I completely understand, and I actually have no intention of pushing
this patch for the v19 cycle. My primary goal right now is simply to
share the POC results and discuss the idea with the community to see
if this direction is worth pursuing.
For context, I have been a MySQL InnoDB developer for over 10 years,
but I admit I am a newcomer to the PostgreSQL community, so I am still
familiarizing myself with the standard workflow and processes here.
>> I think it would be valuable to have this as I've been hit by PostgreSQL's
>> unsteady (chain-saw-like) WAL traffic, especially related to touching 1st the
>> pages after checkpoint, up to the point of saturating network links. The
>> common
>> counter-argument to double buffering is probably that FPI may(?) increase WAL
>> standby replication rate and this would have to be measured into account
>> (but we also should take into account how much maintenance_io_concurrency/
>> posix_fadvise() prefetching that we do today helps avoid any I/O stalls on
>> fetching pages - so it should be basically free), I see even that you
>> got benefits
>> by not using FPI. Interesting.
>>
>> Some notes/questions about the patches itself:
>>
> So, I haven't looked at the code itself; tbh honest I am a bit too
> paranoid to dive into generated code that would seem to carry some
> likely level of legal risk around potential reuse of GPL/proprietary
> code it might be based on (either in its original training, inference,
> or context used for generation. Yeah, I know innodb isn't written in
> C, but still). That said, I did have some feedback and questions on
> the proposal itself, and some suggestions for how to move things
> forward.
>
>> 0. The convention here is send the patches using:
>> git format-patch -v<VERSION> HEAD~<numberOfpatches>
>> for easier review. The 0003 probably should be out of scope. Anyway I've
>> attached all of those so maybe somebody else is going to take a
>> look at them too,
>> they look very mature. Is this code used in production already anywhere?
>> (and
>> BTW the numbers are quite impressive)
>>
> While Jakub is right that the convention is to send patches, that
> convention is based on a manual development model, not an agentic
> development model. While there is no official project policy on this,
> IMHO the thing we really need from you is not the code output, but the
> prompts that were used to generate the code.
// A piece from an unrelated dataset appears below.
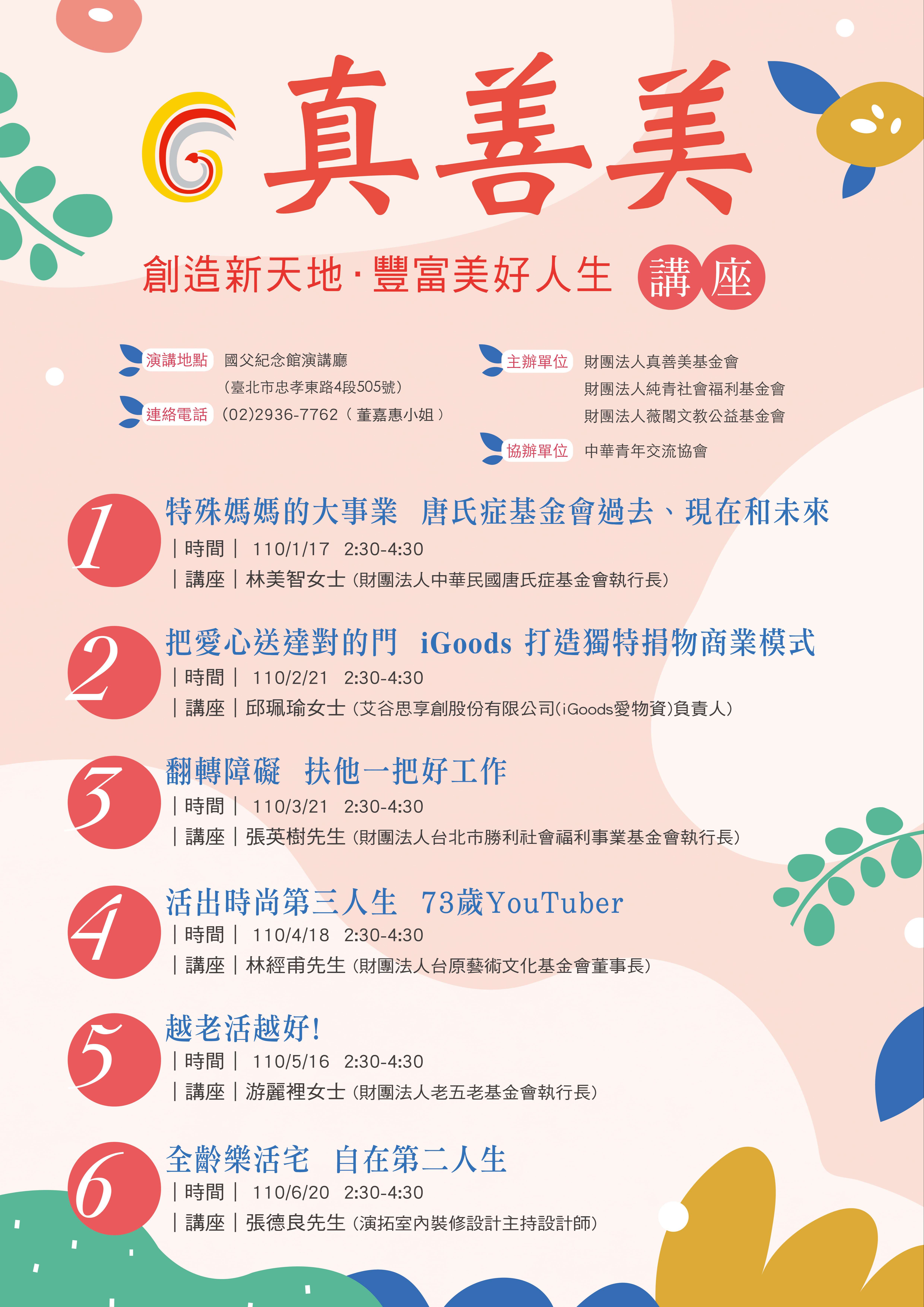 一、本會與國立國父紀念館、財團法人純青社會福利基金會、 財團法人薇閣文教公益基金會共同舉辦「110年度真善美講 座」,講座主題為「創造新天地 豐富美好人生」,歡迎有 興趣者踴躍參加。

There are plenty of folks
> who have access to claude that could then use those prompts to
> "recreate with enough proximity" the work you had claude do, and that
> process would also allow for additional verification and reduction of
> any legal concerns or concerns about investing further human
> time/energy. (No offense, but as you are not a regular contributor,
> you could analogize this to when third parties do large code dumps and
> say "here's a contribution, it's up to you to figure out how to use
> it". Ideally we want other folks to be able to pick up the project and
> continue with it, even if it means recreating it, and that works best
> if we have the underlying prompts).
> The claude code configuration file is a good start, but certainly not
> enough. Probably the ideal here would be full session logs, although a
> developer-diary would probably also suffice. I'm kind of guessing here
> because I don't know the scope of the prompts involved or how you were
> interacting with Claude in order to get where you are now, but those
> seem like the more obvious tools for work of this size whose intention
> is to be open.
Regarding the AI-generated code, the raw output from Claude was far
from perfect. I have manually reviewed and modified the code
extensively to get it to this state.
Our plan is to first deploy and test this thoroughly on our own
product, Alibaba Cloud RDS for PostgreSQL. Once we are confident that
it is stable and issue-free, we intend to submit a formalized patch
to the community. I am very much looking forward to discussing and
reviewing the actual code with you all when the time comes.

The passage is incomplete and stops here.